Atletico Trivento
- Full name: Associazione Sportiva Atletico Trivento
- Founded: 1964
- Dissolved: 2012
- Ground: Stadio Comunale, Trivento, Italy
- Capacity: 1500
- 2011–12: Serie D/F, 6th
| Home colours | Away colours |

= AS Atletico Trivento =

Italian football club

Associazione Sportiva Dilettanti Atletico Trivento was an Italian association football club located in Trivento, Molise.

== History ==
The club was founded in 1964.

=== Eccellenza ===
Atletico Trvento played for some years the championship of Eccellenza Molise arriving in middle positions at the end of the season. In 2006–2007 Trivento and Olympia Agnonese were the second and the first at the last match. They played the match which finished 1–1 so Olympia Agnonese was promoted in Serie D. In the next season Trivento led the championship and finally won the championship.

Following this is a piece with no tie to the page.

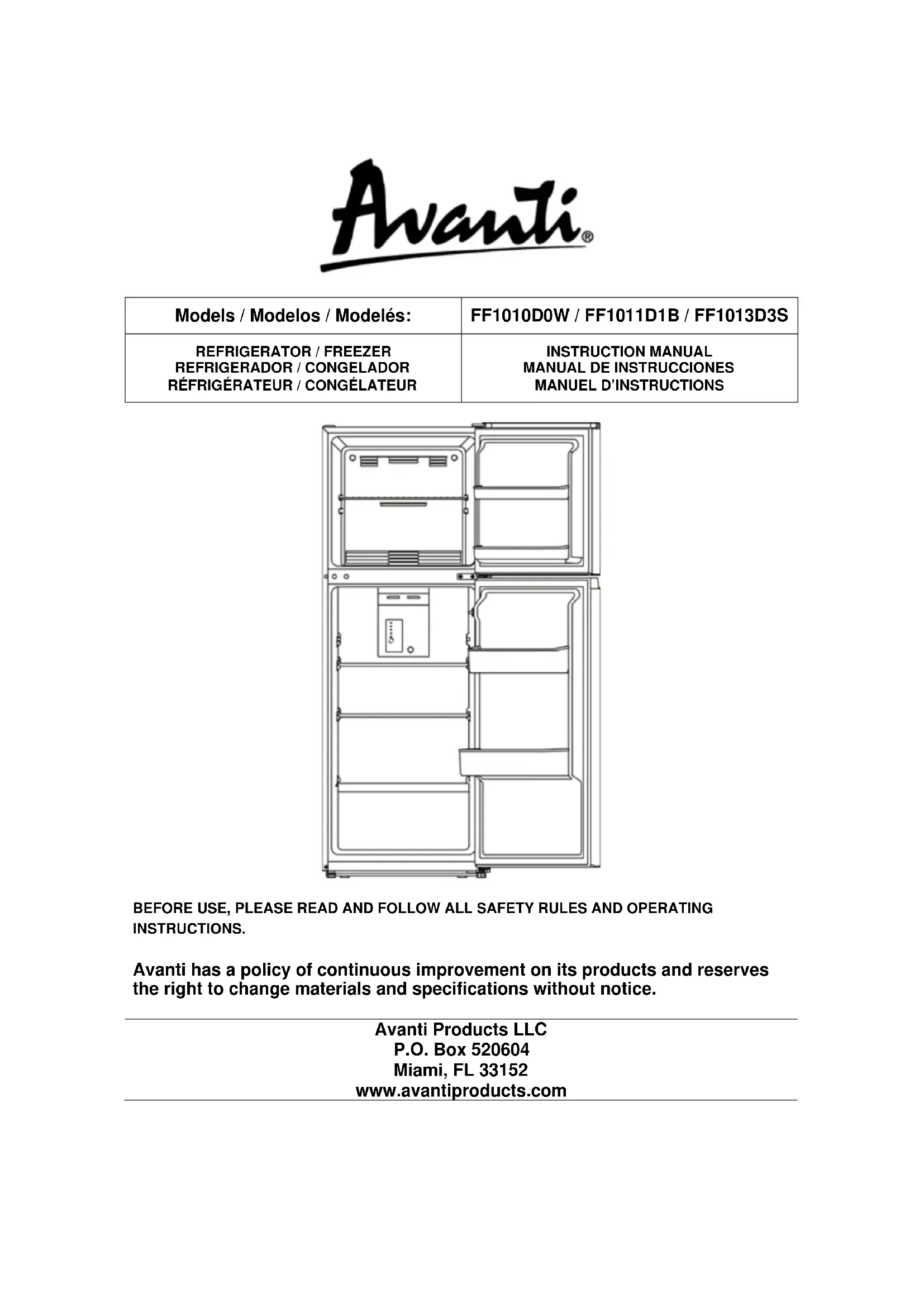 Retrouvez gratuitement la notice de l'appareil FF1013D3S Avanti au format PDF.

During the season 2007–2008 Trivento won also Coppa Italia Eccellenza Molise and reached semi-finals in the Coppa Italia Eccellenza, after winning with Atessa and with Formia in quarter-finals, being defeated by Hinterreggio, who eventually won the Coppa Italia Eccellenza.

=== Serie D ===

In summer 2012 it does not appeal against the exclusion of Covisod from Serie D and so was excluded from all football.

== Colors and badge ==
The official color of the society were yellow and blue.